À l'heure où les images sont produites, diffusées et consommées dans l'instant, Habib Fadel fait le choix d'une pratique fondée sur la lenteur, la précision et la main. Chaque photographie résulte d'un processus entièrement analogique : prise de vue grand format, développement en chambre noire, tirage au platine-palladium. Cette exigence technique constitue le socle de sa démarche.
Apparu au XIXᵉ siècle, le procédé au platine-palladium est reconnu pour la richesse de ses nuances, la profondeur de ses noirs et la remarquable stabilité de ses tirages. Chez Habib Fadel, il confère aux images une présence singulière. La matière du papier, la lumière et les infimes variations propres à chaque épreuve participent pleinement de leur expression.

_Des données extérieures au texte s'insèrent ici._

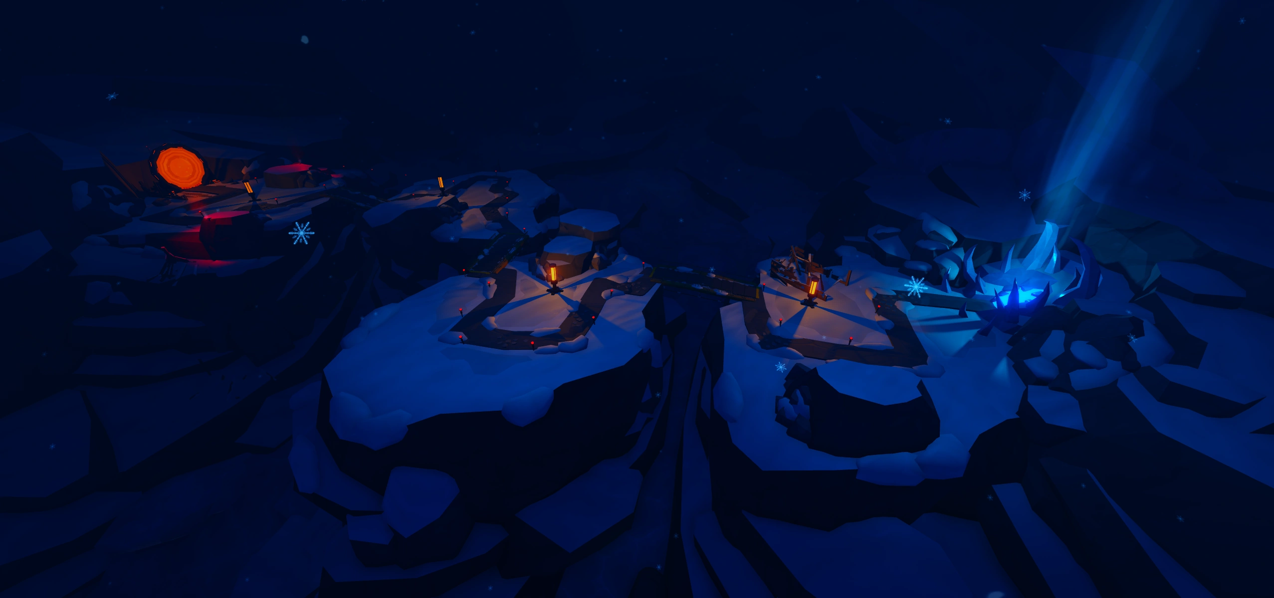 The grey stone path begins and ends at two portals. The path crosses the four islands on wooden bridges. It takes long turns around snow mounds in the middle of the map.
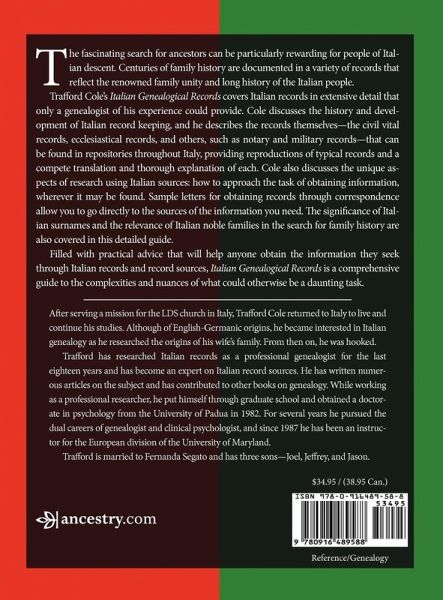 Filled with practical advice that will help anyone obtain the information they seek through Italian records, Italian Genealogical Records is a comprehensive guide to the complexities and nuances of what could otherwise be a daunting task. In this book, the author discusses the history and development of Italian record keeping, providing reproductions of typical records and a complete translation and thorough explanation of each. Among the many other topics covered in this book are the significance of Italian surnames and the relevance of Italian noble families in the search for Italian ancestors.
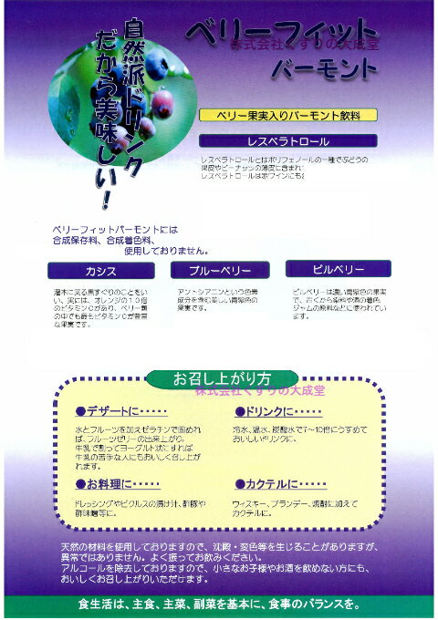 商品名 ベリーフィットバーモント 内容量 1000ml 3本 召し上がり方 本品は7-10倍濃縮タイプなので、1食15mlを冷水またはお湯でお好みの倍数(7-10倍を目安)にうすめてお召し上がりください。

Cette attention portée à la fabrication rapproche naturellement sa pratique de celle du peintre. Chaque étape du processus exige un temps d'exécution incompressible, laissant une place essentielle à l'observation, à l'attente et à la maîtrise du geste. La photographie cesse d'être un simple enregistrement du réel pour devenir une image patiemment construite.
Paysages silencieux, natures mortes et fragments du monde végétal composent un répertoire volontairement resserré. Sans rechercher l'effet spectaculaire, Habib Fadel s'attache aux variations de la lumière, aux textures, aux rythmes de la nature et à ce qu'ils révèlent d'impermanence. Ses photographies invitent à une forme de contemplation où le silence occupe une place aussi importante que le sujet lui-même.
Son travail s'inscrit dans la tradition des grands photographes ayant choisi de préserver les procédés historiques, tout en entretenant un dialogue constant avec la peinture. La composition, l'équilibre des valeurs, la qualité de la lumière et l'attention portée à la matière témoignent d'une approche où la technique n'est jamais une fin en soi, mais le moyen d'atteindre une grande justesse de regard.
Si son parcours est marqué par l'expérience du déplacement, de la perte et de la reconstruction, son œuvre n'en constitue jamais l'illustration directe. Ces expériences affleurent avec retenue, transposées dans une relation intime au paysage et au vivant.
À rebours de la prolifération des images contemporaines, Habib Fadel développe une photographie exigeante, où le temps de la fabrication rejoint celui du regard. En renouant avec un savoir-faire historique, il rappelle que la lenteur, la matière et la main demeurent aujourd'hui encore des composantes essentielles de l'acte photographique.